Wel done Boycie ... but would nt have expected anything less. What a proud mommy... who could imagine your life without a cockapoo x


----------



## weez74 (Feb 9, 2011)

I love that there is a prize for waggiest tail! Dog shows sound fun!

As for the prize for 'bitch the judge would most like to take home' - well, my childish sense of humour has taken over I'm afraid...
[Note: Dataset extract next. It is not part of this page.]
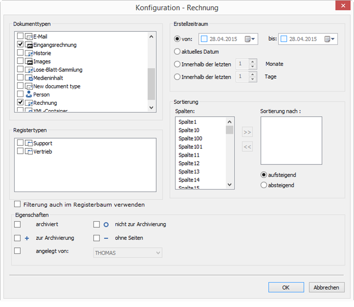 Si vous activez un filtre dans la Gestion des filtres, il est automatiquement appliqué comme filtre par défaut à chaque ouverture d'une fenêtre de classeur. À l'ouverture de la fenêtre de classeur, seuls les documents correspondant aux critères de filtre par défaut s'affichent. Un autre filtre d'affichage peut ensuite être défini manuellement. Si aucun filtre par défaut n'est activé dans la gestion des filtres, le filtre défini manuellement dans la fenêtre de classeur s'appliquera à nouveau lors de la prochaine ouverture de la fenêtre.

Perhaps we could have a section on our user profiles that shows what awards our doggies have won - they're all so clever!


----------



## kendal (Jul 16, 2009)

weez74 said:


> I love that there is a prize for waggiest tail! Dog shows sound fun!
> 
> As for the prize for 'bitch the judge would most like to take home' - well, my childish sense of humour has taken over I'm afraid...
> 
> Perhaps we could have a section on our user profiles that shows what awards our doggies have won - they're all so clever!
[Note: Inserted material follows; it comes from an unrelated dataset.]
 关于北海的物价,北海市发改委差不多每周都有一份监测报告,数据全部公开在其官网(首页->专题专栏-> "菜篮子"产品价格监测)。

lol i didnt know you had such a dirty mind lol


----------



## weez74 (Feb 9, 2011)

I know, I try to pretend I am grown up, but it's just too dfficult sometimes!


----------



## lady amanda (Nov 26, 2010)

LOL!!! I am glad someone else admited to their childishness first...hahah i too giggled when I read it....


----------



## parapluie (Dec 22, 2010)

ahahah I love this forum.
Dog shows sound so fun! Well done Boycie!


----------



## marzy (Aug 20, 2010)

thanks all
think its so great we all love our cockapoos to bits
marzy
xx


----------



## Jesarie (Sep 9, 2010)

I LOVE this thread!


----------



## Enneirda. (Mar 5, 2010)

'Lo goes with me to dog shows, but they do nothing special for crosses, or have fun little shows, just normal ones for getting titles. Though she did win the obedience competition at at our local shelters spot trot with her play dead.


----------



## weez74 (Feb 9, 2011)

Well done 'Lo!


----------



## Enneirda. (Mar 5, 2010)

She says thanks!


----------



## marzy (Aug 20, 2010)

well done lo
must have been aproud day for you that day
marzy


----------



## Enneirda. (Mar 5, 2010)

Truthfully, it wasn't like we had an competition lol. I was more proud of her for working with me so well then for winning, winning was a given!

Their was a small breed that a kid told to sit, and it didn't, a dog the kid said would stay, and it didn't, and a dog that did shake, and one that could spin. So a play dead was definitely the best.  Though I didn't realize I'd have to get a picture taken at the end, that was embarrassing for sure.

but I got a cloth water bowl, three treat bags, a raw hide, a toy, and a tin shaped like a dog bone with puppies on it. And 'Lo got a lot more attention after that too, she loved it.


----------